**YOUR OBJECTIVE:** Using the data below, set down every line from the one containing "50-års födelsedagsinbjudan. Röd" through the one containing "L’Arbre de Noël", inclusive and unchanged. Pictures are to be skipped.
────────
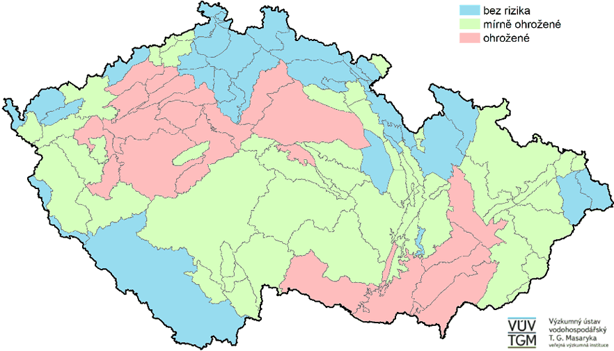 Pokud se scénáře dopadů změny klimatu budou naplňovat jako dosud, lze očekávat narůstající nedostatečnost kapacit zdrojů mělké podzemní vody na řadě území České republiky. Současně probíhající výzkumy Výzkumného ústavu vodohospodářského TGM, v. v. i., hodnotí budoucí ohrožení kapacity zdrojů podzemních vod výrazně detailněji, než obvykle publikované mapky ohroženosti území akumulace podzemních vod (viz obrázky 2 a 3). Nepříznivému výhledu nahrává zejména skutečnost, že doplňování zdrojů podzemních vod probíhá s výrazným časovým zpožděním, takže deficity úrovně hladin podzemních vod se prohlubují při víceletém období hydrologického sucha.
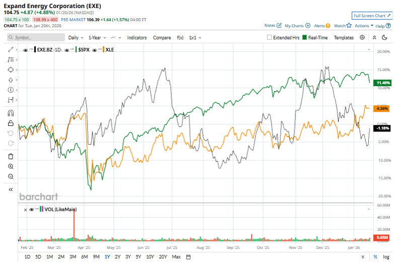 Expand Energy shares rose more than 4% on Jan. 20, outperforming peers as U.S. natural gas prices surged over 26% to a three-week high, driving broad strength across natural gas–focused producers.
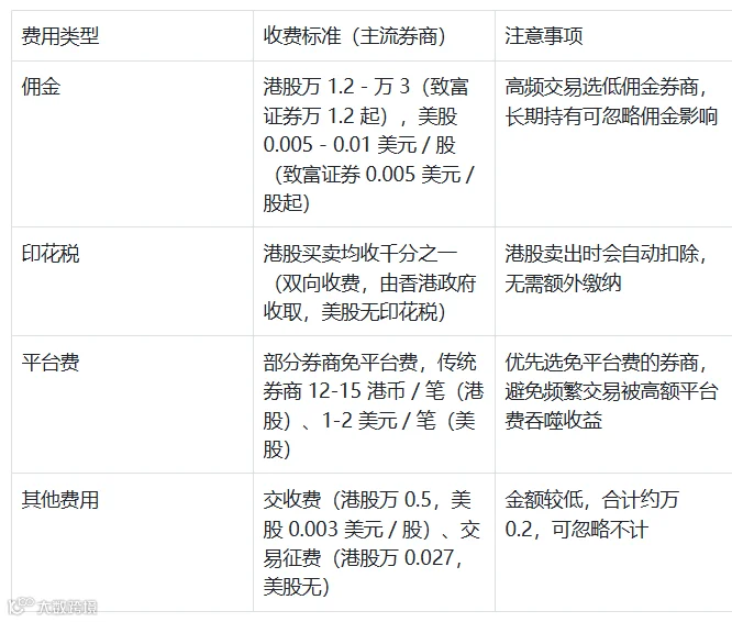 💡 费用测算示例:用致富证券买 10 万港币港股(股价 10 港币,买 1 万股),佣金万 1.2(12 港币)+ 印花税 100 港币(卖出时收)+ 交收费 50 港币,合计 162 港币,成本率 0.162%,远低于传统券商。
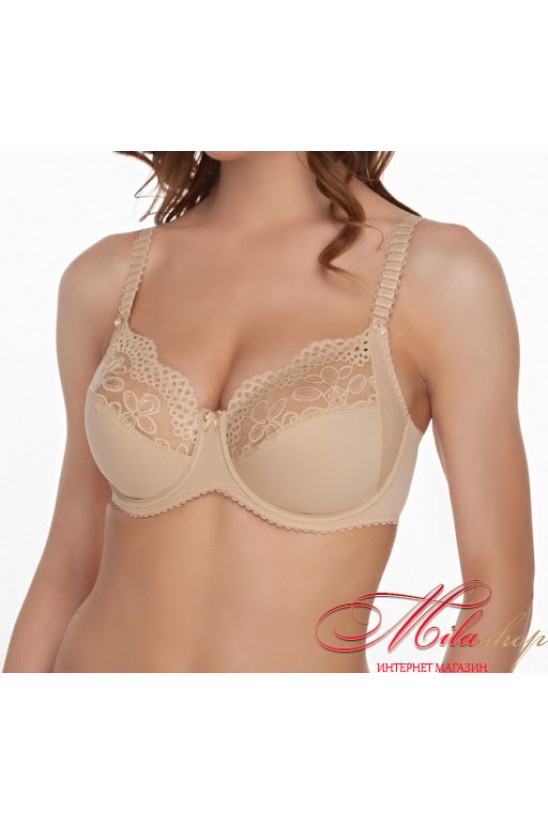 Бюстгальтер из эластичного кружева и эластичного трикотажного полотна. На каркасах.
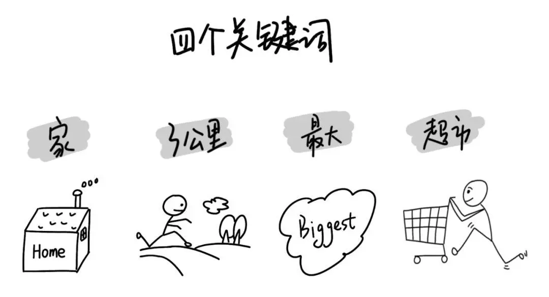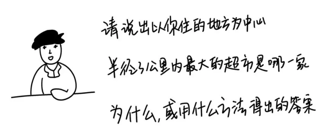 做产品,一定要比旁人有更深的洞察,不能错过任何一个信息,这道题的题干有四个关键词:你家、半径3公里、最大、超市。
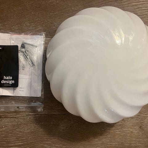 Holmegaard Tivolipendel taklampe designet av Sidse Werner. Lampen er hvit og laget i glass. Den er beregnet for takmontering og har et enkelt, funksjonelt design. Disse ble designet rundt tidlig 1980. 43 cm diameter.
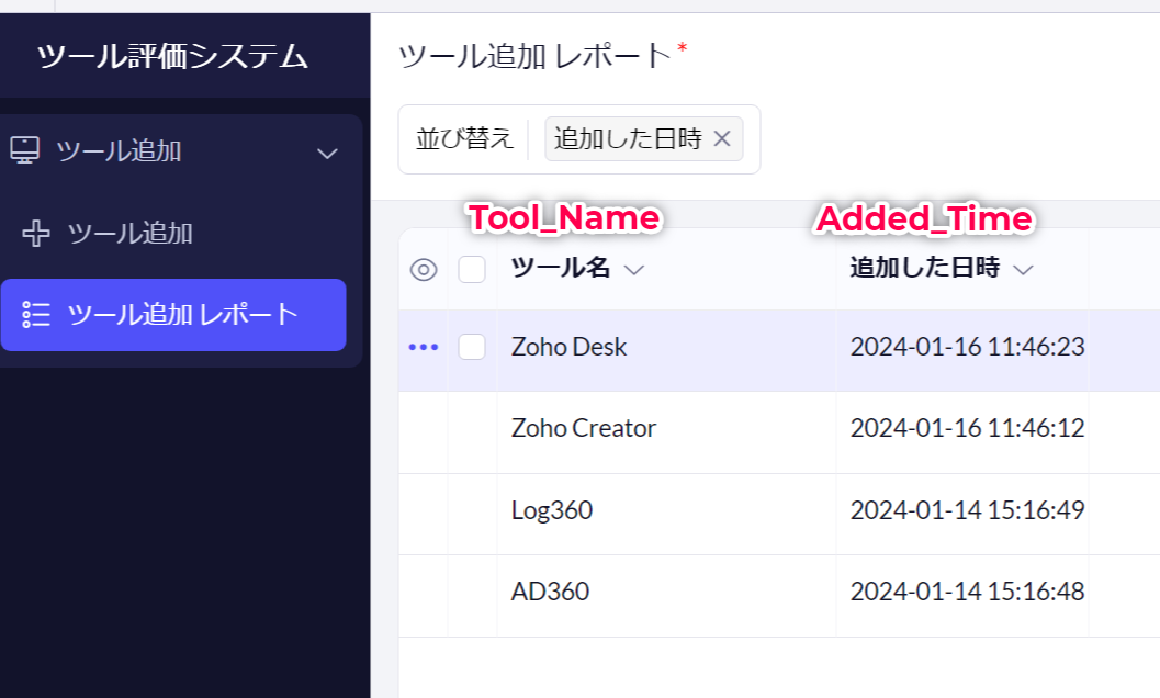 - // 最も新しく追加されたデータの特定の項目値を使用するためには、「records.<特定項目のリンク名>」を使用できます。「Delugeスクリプトの補足」における画像のようにデータが追加されている場合、「追加した日時(Added_Time)」がより新しいデータの「ツール名」である「Zoho Desk」が、変数「mostRecentToolName」に代入されています。
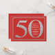50-års födelsedagsinbjudan. Röd och silver glitter födelsedagsfest inbjudan med röd bakgrund. Överraskningsfest. Vuxen födelsedag. Män eller kvinnor födelsedagsfest. För ytterligare anpassning, klicka på "Anpassa"-knappen och använd vårt designverktyg för att ändra denna mall.
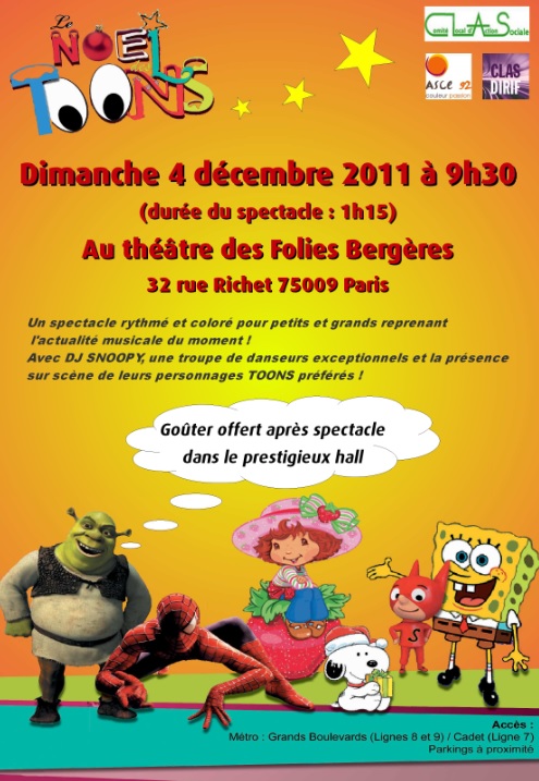 L’Arbre de Noël 2011 pour les enfants des agents des deux Directions Régionales DRIEA et DRIHL a eu lieu le dimanche 4 décembre 2011 au théâtre des Folies Bergères.
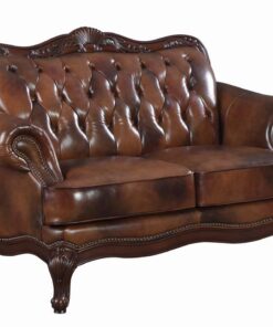 Seat two in style while delivering an elegant traditional motif. Perfect for a study or den, this leather love seat shows off beloved, ornate design features. Rolled arms and a button-tufted seat back preserve stylish allure. Decorative moldings and individually place nail heads embellish its sophisticated and romantic silhouette. Wrapped in luscious tri-tone top grain leather, this love seat stands out as an enticing part of a seating ensemble.
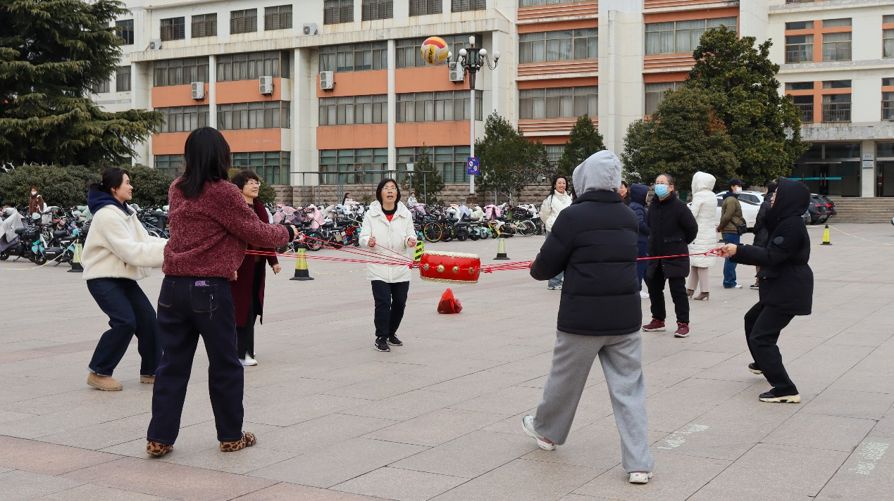 3月7日,外国语学院女教职工积极参与由校工会在虹子广场举办的妇女节趣味健身比赛。
────────
**RESPONSE AREA:**
50-års födelsedagsinbjudan. Röd och silver glitter födelsedagsfest inbjudan med röd bakgrund. Överraskningsfest. Vuxen födelsedag. Män eller kvinnor födelsedagsfest. För ytterligare anpassning, klicka på "Anpassa"-knappen och använd vårt designverktyg för att ändra denna mall.
 L’Arbre de Noël 2011 pour les enfants des agents des deux Directions Régionales DRIEA et DRIHL a eu lieu le dimanche 4 décembre 2011 au théâtre des Folies Bergères.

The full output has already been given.